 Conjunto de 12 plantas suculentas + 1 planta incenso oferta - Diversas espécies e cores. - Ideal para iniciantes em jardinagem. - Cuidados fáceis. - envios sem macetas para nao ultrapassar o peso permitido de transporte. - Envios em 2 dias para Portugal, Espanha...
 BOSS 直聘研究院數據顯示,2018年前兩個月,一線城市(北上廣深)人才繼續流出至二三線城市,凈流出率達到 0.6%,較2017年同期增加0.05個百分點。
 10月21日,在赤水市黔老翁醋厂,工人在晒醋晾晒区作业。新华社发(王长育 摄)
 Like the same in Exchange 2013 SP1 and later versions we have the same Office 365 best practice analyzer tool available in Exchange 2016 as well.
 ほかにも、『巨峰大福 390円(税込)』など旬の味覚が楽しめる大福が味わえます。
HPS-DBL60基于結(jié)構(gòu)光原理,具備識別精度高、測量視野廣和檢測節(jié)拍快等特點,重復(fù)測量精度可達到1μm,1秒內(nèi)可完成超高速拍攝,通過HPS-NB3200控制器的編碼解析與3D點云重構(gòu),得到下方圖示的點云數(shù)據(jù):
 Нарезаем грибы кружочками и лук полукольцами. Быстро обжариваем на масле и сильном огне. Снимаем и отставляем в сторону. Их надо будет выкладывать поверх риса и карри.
==
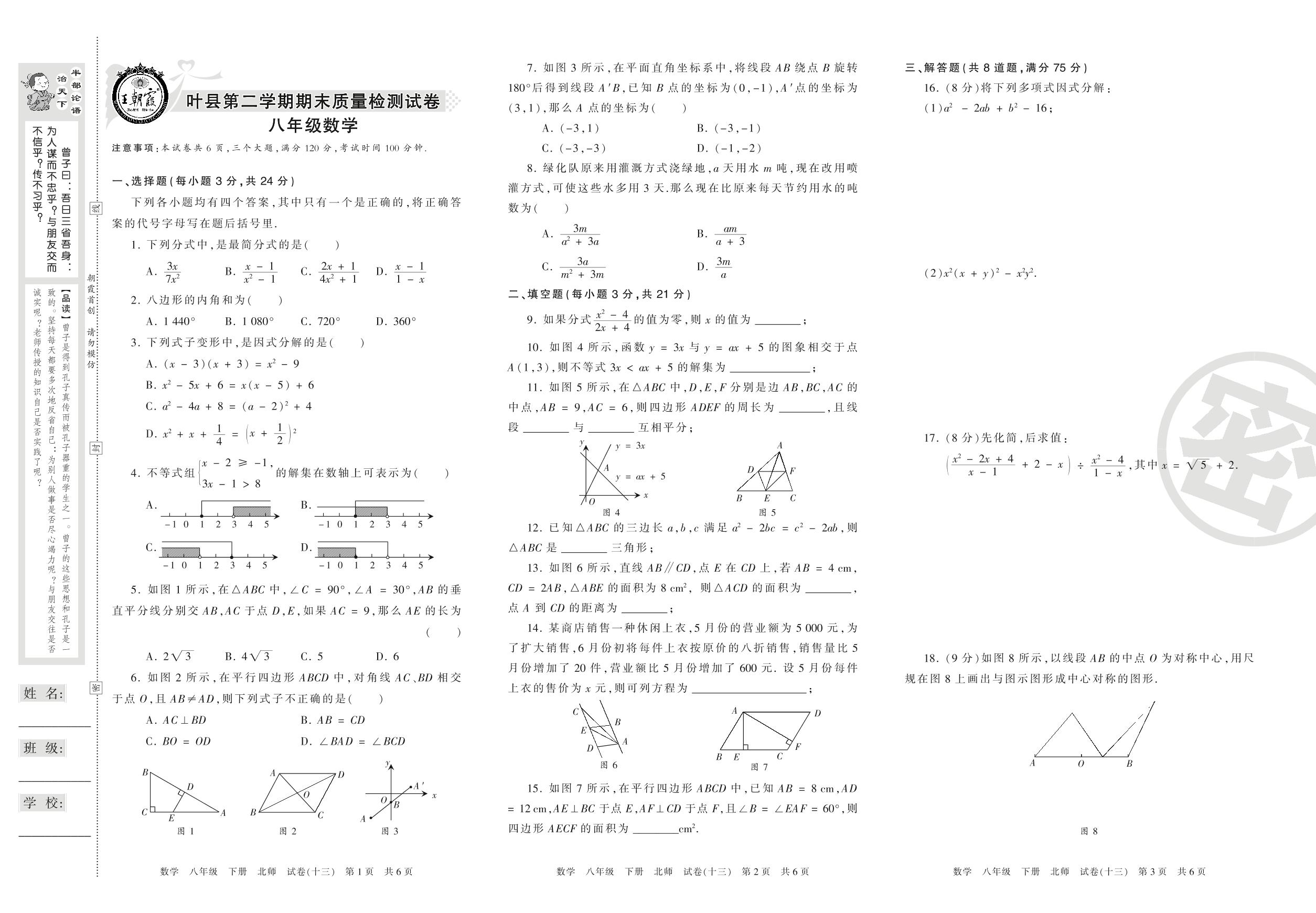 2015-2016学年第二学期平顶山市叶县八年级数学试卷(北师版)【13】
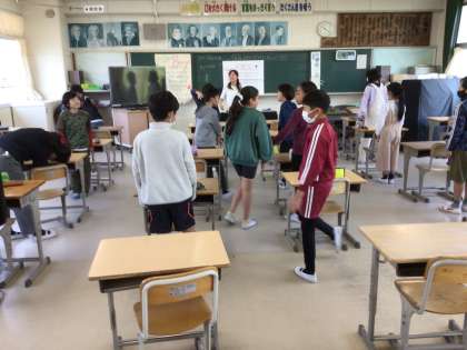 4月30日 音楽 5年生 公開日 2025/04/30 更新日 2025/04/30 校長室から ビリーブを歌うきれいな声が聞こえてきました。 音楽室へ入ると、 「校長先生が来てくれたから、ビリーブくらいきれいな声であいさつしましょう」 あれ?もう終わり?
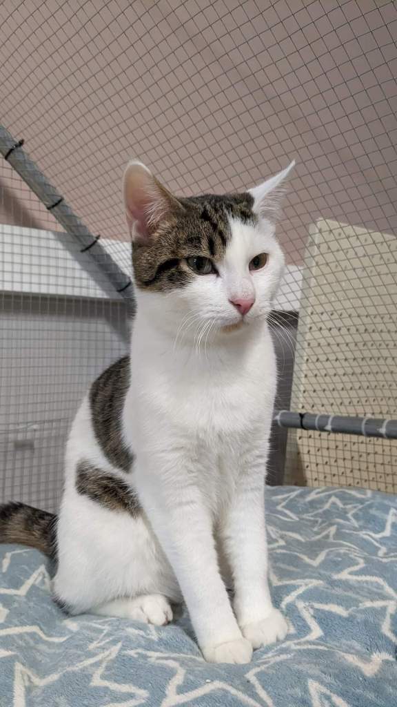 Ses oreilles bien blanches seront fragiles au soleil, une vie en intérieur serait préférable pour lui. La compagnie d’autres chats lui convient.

• _Your instructions_
Could you set down, word for word, only the lines above from the line with "Conjunto de 12" to the line with "Like the same", including both?

• _Task output_
 Conjunto de 12 plantas suculentas + 1 planta incenso oferta - Diversas espécies e cores. - Ideal para iniciantes em jardinagem. - Cuidados fáceis. - envios sem macetas para nao ultrapassar o peso permitido de transporte. - Envios em 2 dias para Portugal, Espanha...
 BOSS 直聘研究院數據顯示,2018年前兩個月,一線城市(北上廣深)人才繼續流出至二三線城市,凈流出率達到 0.6%,較2017年同期增加0.05個百分點。
 10月21日,在赤水市黔老翁醋厂,工人在晒醋晾晒区作业。新华社发(王长育 摄)
 Like the same in Exchange 2013 SP1 and later versions we have the same Office 365 best practice analyzer tool available in Exchange 2016 as well.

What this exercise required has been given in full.